Yesterday San Francisco was full of people demonstrating against Proposition 8. Kevin and I could not be there because we had to attend the SFSFC Board Meeting. However, we did arrive in The City at around 4:00pm to do some shopping at attend SF in SF. By some miracle of synchronicity, the readers for the evening happened to be Geoff Ryman, Ellen Klages and Nalo Hopkinson. We couldn’t have done better if we had tried.
As it happened, however, there was little about gay politics in the readings (though Geoff did manage to read one except about a lesbian couple and one about a gay couple). The discussion afterwards concentrated mainly on the craft of writing, with much being said about how to give information without doing obvious infodumps, how to make sure each character has their own voice in dialog, and how to convey character emotions without actually writing things like “she felt sad”. It was one of the best sessions we’ve had (and the place was packed out). There will be no more events this year, but a schedule for 2009 will be released soon.
Last night’s SF in SF began at Eddie Rickenbacker’s, a thoroughly eccentric restaurant just south of Mission on 2nd. I’ve seen weird decor before, but this place not only had a model railway running above our heads, it also had a bunch of vintage motorbikes hanging from the ceiling. One of them had apparently once belonged to Clark Gable, and another had served in the Foreign Legion. The weird old guy mentioned in the reviews I linked to wasn’t in evidence, but they had the largest ginger cat I have ever seen. The food was good. They had oxtail, which is unusual for the USA, and Nick Mamatas had good things to say about their Orange Julius. Cliff Winnig caused something of a stir by arriving in costume direct from the Ren Faire in Golden Gate Park.
Later, back at the Variety Preview Room, Michael Blumlein read part of a darkly funny story about a cremation than went wrong, helped by Terry Bisson and Carter Scholtz who read the parts of a dodgy pair of health inspectors. Then Michael Shea read the first chapter of his latest novel project, Demiurge. The book is told from the point of view of a demon able to inhabit other living forms. Very strange.
All in all, another good night. And next up (on September 20th) we have David Levine and Nick Mamatas reading.
Tomorrow I will be spending the day in San Francisco. The day starts with my first ever attendance at WordCamp – a convention for WordPress users. It doesn’t seem especially organized. It is the day before the event and they still don’t have a full schedule upon the web site. If it was an science fiction convention the blogosphere would be aflame with indignation, but so it goes. The main problem is that I don’t know if I need to get there early. The one data point that they do have is that registration will begin at 8:00am, but it isn’t clear when the sessions actually start, or who will be on first. Besides, 8:00am might be OK for gung-ho blogging entrepreneurs, but us lit crit types (Farah excepted) are barely awake at that time of day, and I have to shower, breakfast and take bus, BART and MUNI in order to get there. I’ll be there when I can.
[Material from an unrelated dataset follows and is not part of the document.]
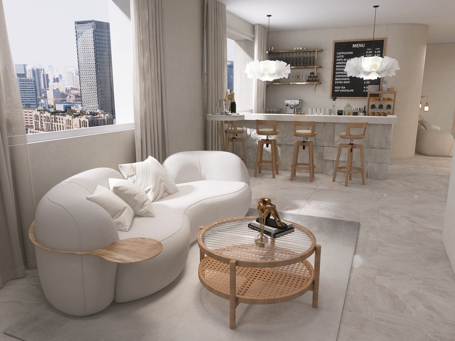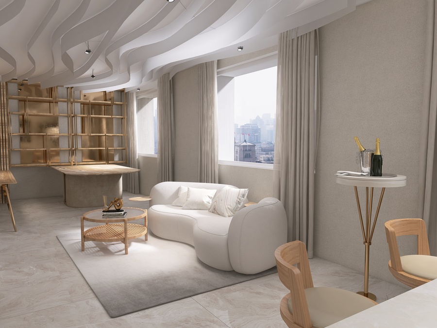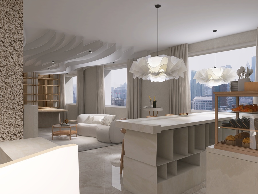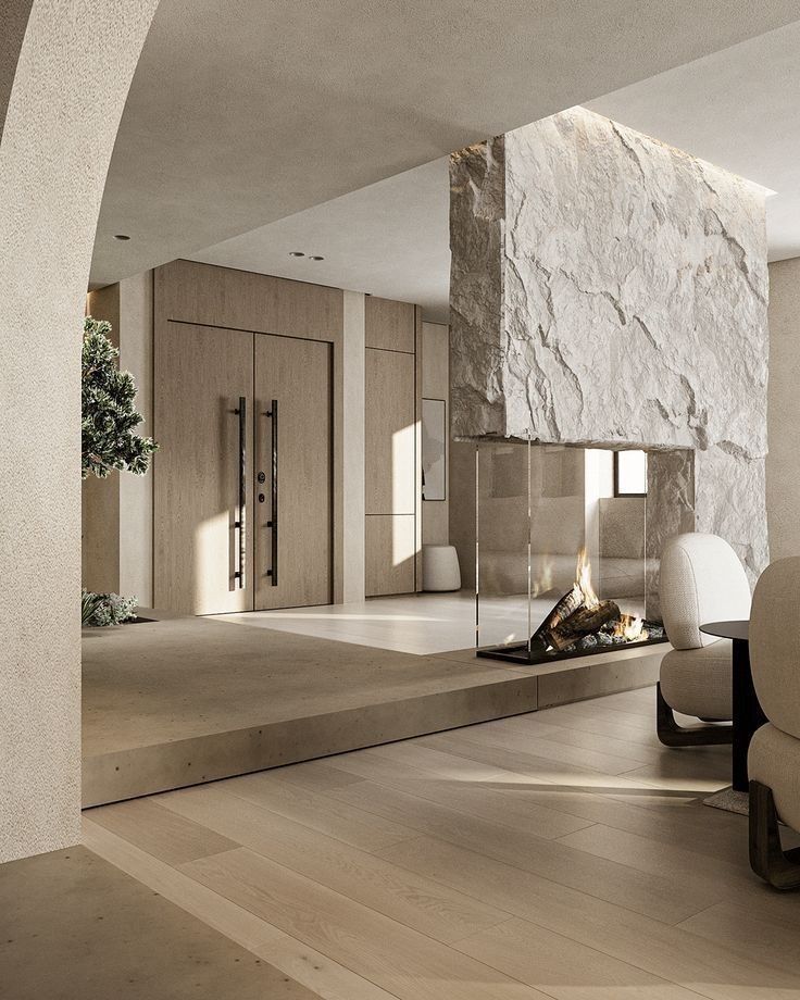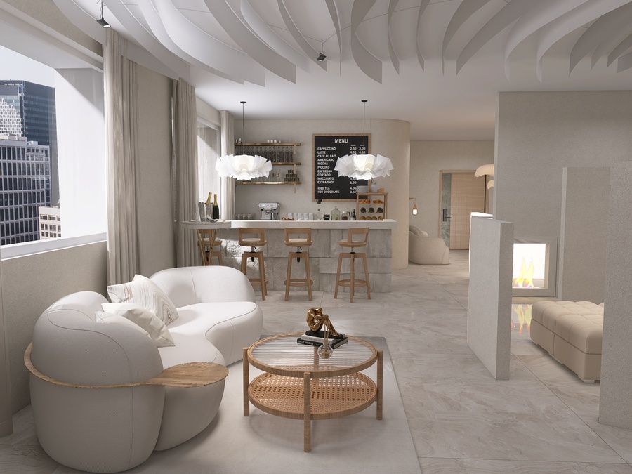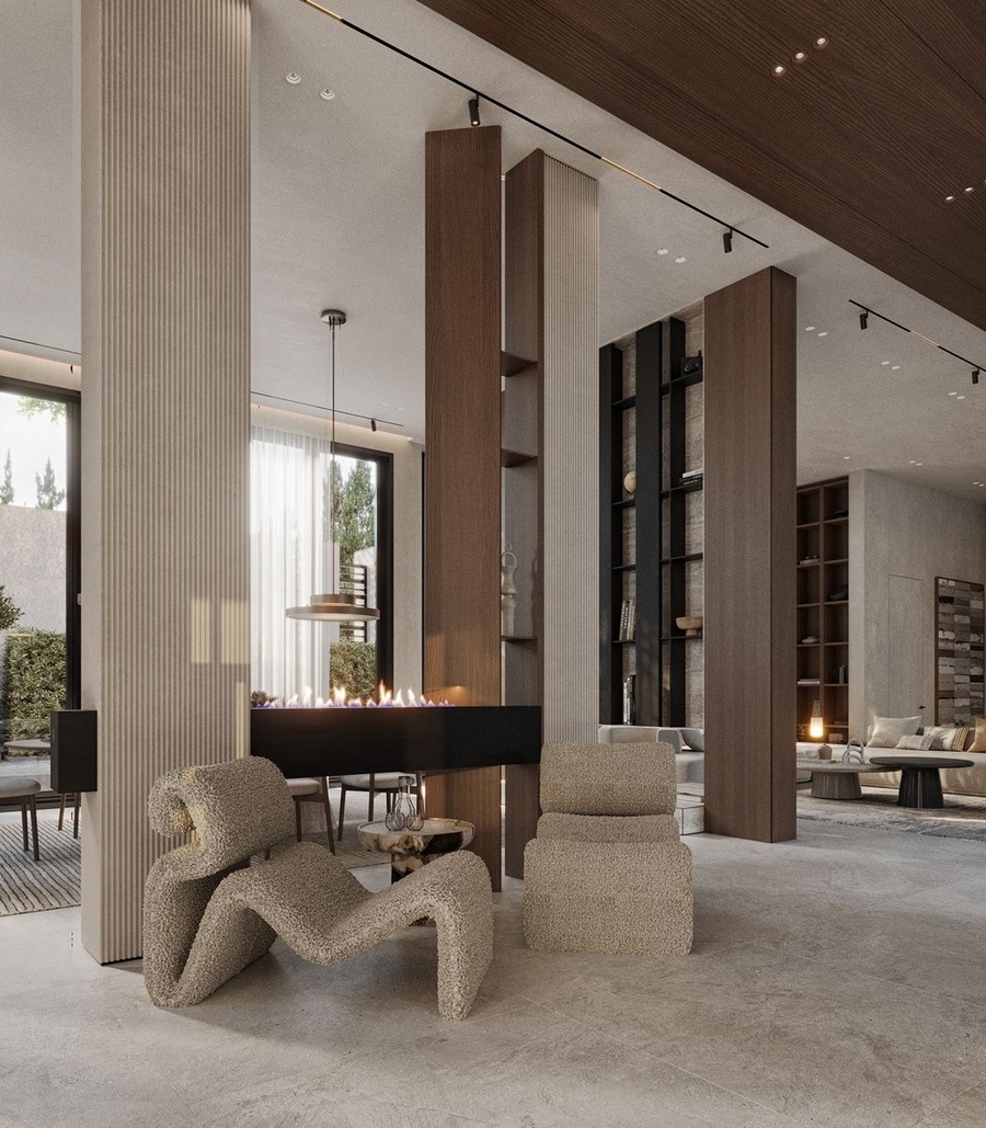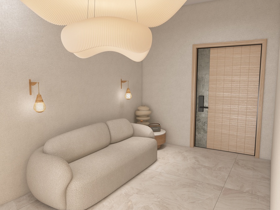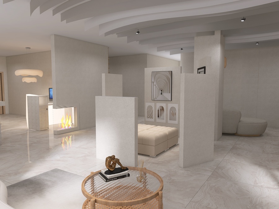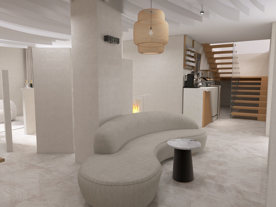 Плавные линии, чистые геометрические формы. Интерьер вдохновлён дюнами, их текучестью, мягкостью линий и гармонией с природой.

Anyway, the web site does mention that the WiFi is being sponsored so I’m hoping it is free. I’m taking the Asus (and my audio and video recorders) and I’ll see what I can find. I’m hoping to catch Kathy Sierra, and the session on secure programming. I know most of you folks will be much more interested in the LOLCats guy, so hopefully I’ll get to see him too.
But I may have to duck out early because in the evening I have to be at the SF in SF reading with Michael Shea and Michael Blumlein. No rest for the wicked, as my mother tends to say.
Last night Kevin and I attended the SF in SF reading in San Francisco. Patricia McKillip was, as you might expect, wonderful. She read another chapter from her work in progress (which I gather she also read different extracts from at World Fantasy and ICFA). It sounds like quite a departure for her, being set in a world that is more 18th Century than medieval. I’m looking forward to it.
What I was looking forward to, however, was hearing her partner, David Lunde, read his poetry. Science fiction poets are a rare breed, and despite having known David for some time I’d not seen much of his work. I’m delighted to say that he was very good indeed. Of course as a two-time Rhysling winner he should be, but you never quite know whether you are going to agree with the experts. This time I’m happy to say I do.
Podcasts of the readings will be on the SF in SF web site once Rick Kleffel gets the links to me. The May reading will feature John Shirley. More details as and when I get them.